The name mangling scheme is similar to (one of) C++'s so that could probably be made more compatible.
However the vtable mechanism is completely incompatible and given the reasoning in the docs (to support structural typing), I don't think it's a big stretch to say that it's a fundamental incompatibility.
TBH I'd be quite surprised if many (any?) languages will aim for C++ ABI compatibility that's much beyond simple extensions to the C ABI. Even ignoring the lack of a standard C++ ABI, once you start getting into virtual functions, exception handling and, especially, templates, you end up constraining your language to a point where you're probably better off just using C++.
I may well be wrong on this, LLVM helps a lot with the grunt work of name mangling, exceptions, trampolines etc. so it may be possible to get to a sweet spot that supports a significant number of important libraries without hamstringing the language too much. Not going to hold my breath though...
I can't find any mention of if they provide a C-compatible ABI. Kinda useless as a systems language if they don't - you can't call it from anything else.
Perhaps I scanned too quickly. I probably missed since there is no actual mention of ABI (or e.g. which calling conventions it supports on what platforms). The page is confusing - it seems to discuss ABI and syntax and stuff, which isn't exactly related to "compatability" afaict.
I digress... just the usual problems with wiki-type sites.
It compiles to LLVM and LLVM abstracts the calling convention. So it might be safe to assume it supports all the calling conventions that LLVM supports.
An example would be dynamic dispatch of virtual functions.
In C++ virtual functions are implemented as vtables attached to each object. As such you need to retrieve the object (possibly from the heap), there's a function pointer indirection, there may be trampolines if you're using multiple inheritance.
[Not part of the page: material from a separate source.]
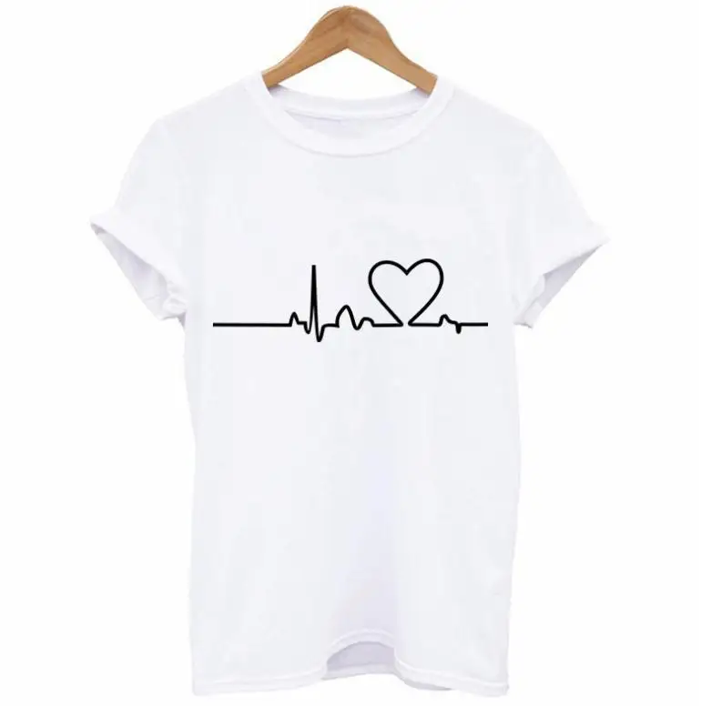 Женская футболка с принтом в виде сердца, с коротким рукавом и круглым вырезом, лето 2020

That sort of thing.
The author has a nice piece in the documentation regarding how dynamic dispatch is implemented in loci in order to support structural typing. He explains the design choice, how it differs from C++ (a vtable at each interface reference call site) and gives some qualitative estimates as to how the performance would differ. It's worth the read.
C doesn't have dynamic dispatch built in to the language. If you want it, you'd have to code it by hand.
Seems it was created by one developer called Stephen Cross (scross.co.uk). I am quite impressed by his accomplishment. The only thing I miss are custom allocators.
He's 2.5 years out of his undergraduate degree. This is incredibly sophisticated code and documentation for such a person. Quite aside from the language, the person himself is worthy of note!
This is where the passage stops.